|
|
|
|
|
by rfreiberger
1599 days ago
|
|
The name needs to change but also the attitude that as engineers, we build complex systems and assume everyone has the knowledge how to use it. A few world wide outages I've been a part of was caused by a task runner which didn't lint the command and allowed a broken bash one-liner to be executed across every system in parallel. Yes, it's a simple mistake but how was a system allowed access to our global environment that this edge case was never calculated? In many of the meetings, the common issue is communication even between co-workers on the same team, and between internal platform providers. One case was an outage on the storage backend and realized after a long meeting that the internal SLA was much greater than we expected (and which the systems would timeout).

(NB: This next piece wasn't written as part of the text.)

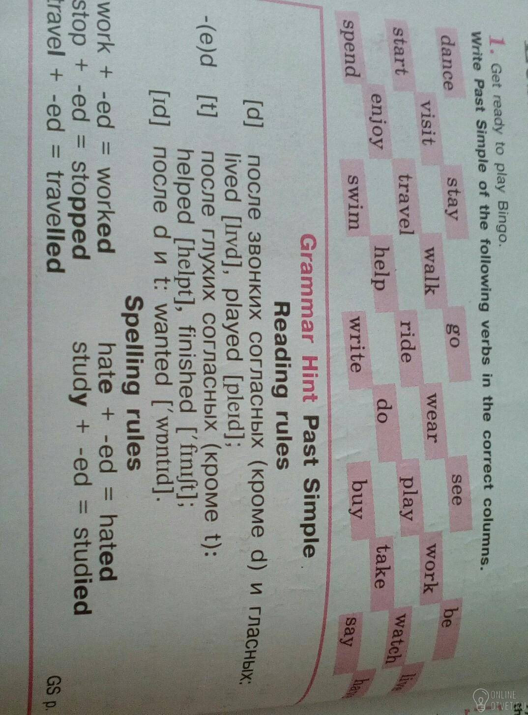 Visited stood started enjoyed swam helped wrote did bought took watched worked sad was/were saw went walked
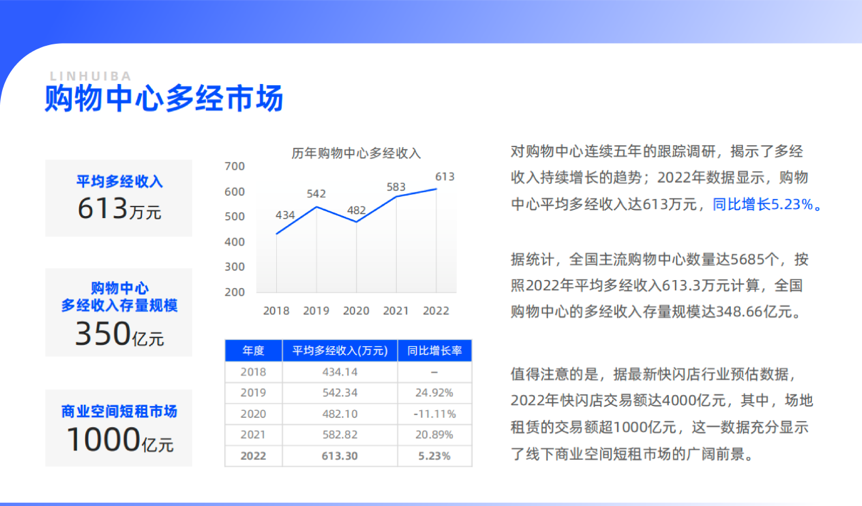 邻汇吧连续六年调研全国购物中心多经收入,见证平均多经收入从434万元增至613万元;2024年,全国各类商业综合体及购物中心存量规模超过6000座,预估多经收入存量规模超350亿元。

It only worked for so long as storage utilization was extremely low. |
|
Programming culture has almost football field level of "No time for weakness" attitude.
If I see a possible failure mode of a system, and bring it up, someone's going to tell me to stop being a clicky click windows idiot and learn to be careful.
Trying to prevent human error in software isn't seen as a priority so nobody does it. They are concerned with the most reliable code rather than the most reli4 code-user-hardware-task-schedule-conditions system.
Programmers need to accept software fixes for human and hardware failures. It's a lot easier to add a confirmation dialog than it is to somehow become 100% reliable at not clicking the wrong thing.